§ **TASK TO COMPLETE**: Your answer must be exactly the lines from the one containing "LED Christmas Beanie" through the end of the material, both ends included, without pictures.
─── RAW DATA
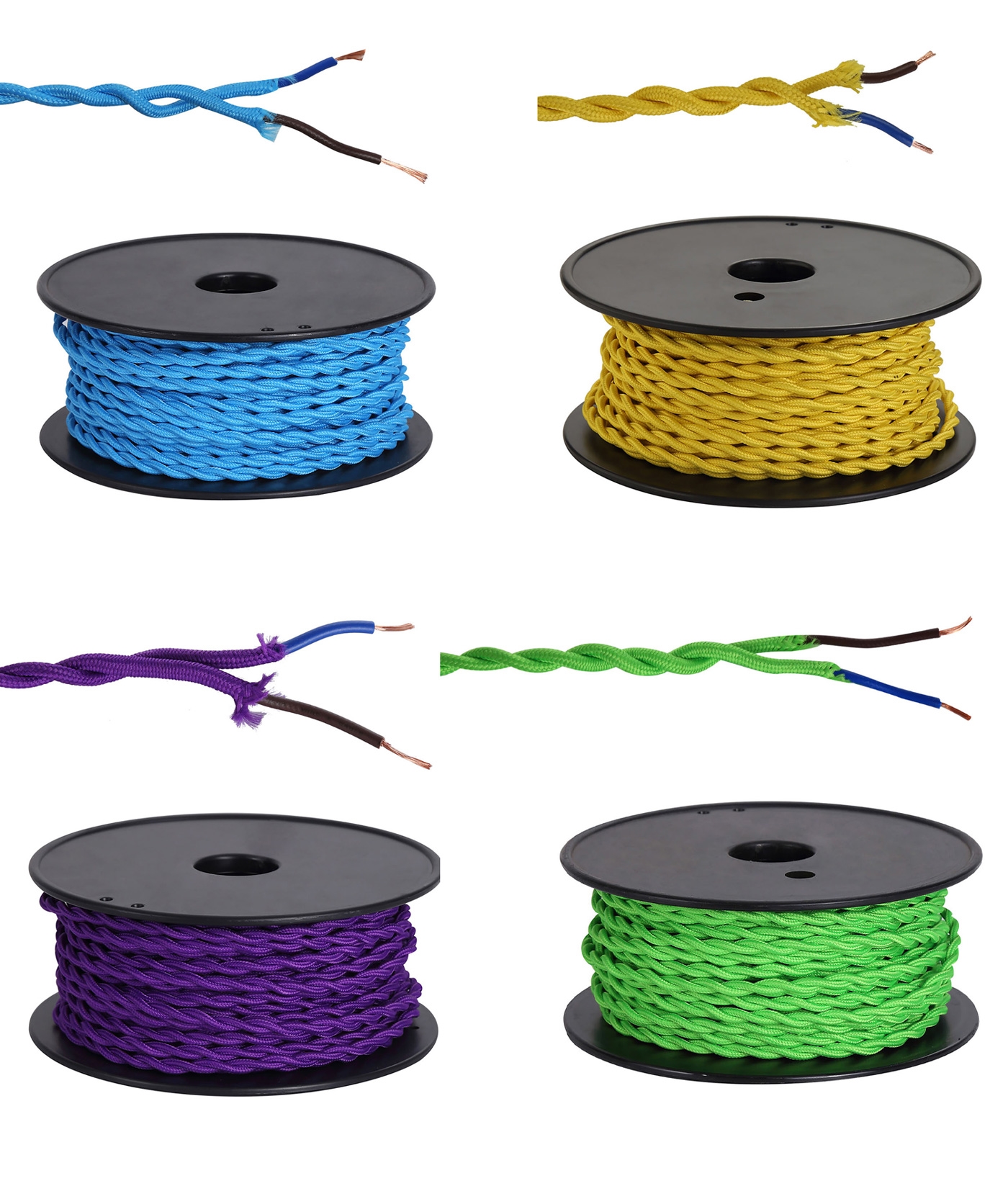 A selection of 2-core electrical cable available in blue, yellow, purple or light green colour. Ideal for indoor lighting installations where appearance and discretion are important. The braided cable is ideal for single or multiple light fittings.
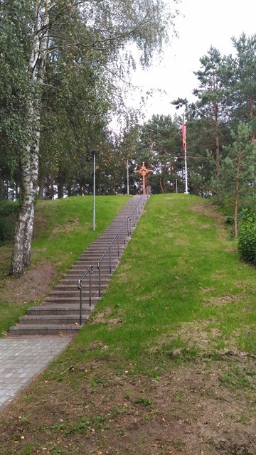 EN: In Moletai, near Lake Pastovėlis, there is a place named Spring Mountain. Here during the interwar years, the meetings of the organizations of the Union of Lithuanian Catholic Youth "Spring" took place. A cross was built at the top of the hill, to which the participants gave an oath to be honest and honorable children of their nation. This mountain has become sacred, like a mound.
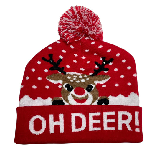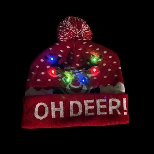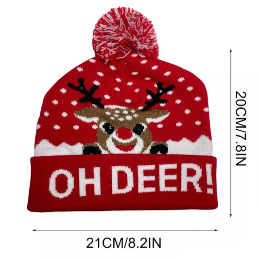 LED Christmas Beanie Knit Hat Light Up Tree Xmas Snowman Knitted Cap Adult Kids
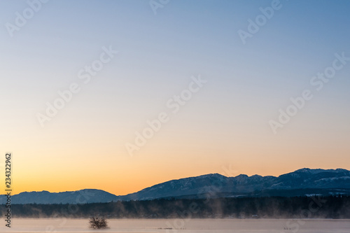 Morning mist at sunrise at the Comox estuary, Comox Valley, British Columbia
──────
§ **OUTPUT FOR THIS TASK**:
 LED Christmas Beanie Knit Hat Light Up Tree Xmas Snowman Knitted Cap Adult Kids
 Morning mist at sunrise at the Comox estuary, Comox Valley, British Columbia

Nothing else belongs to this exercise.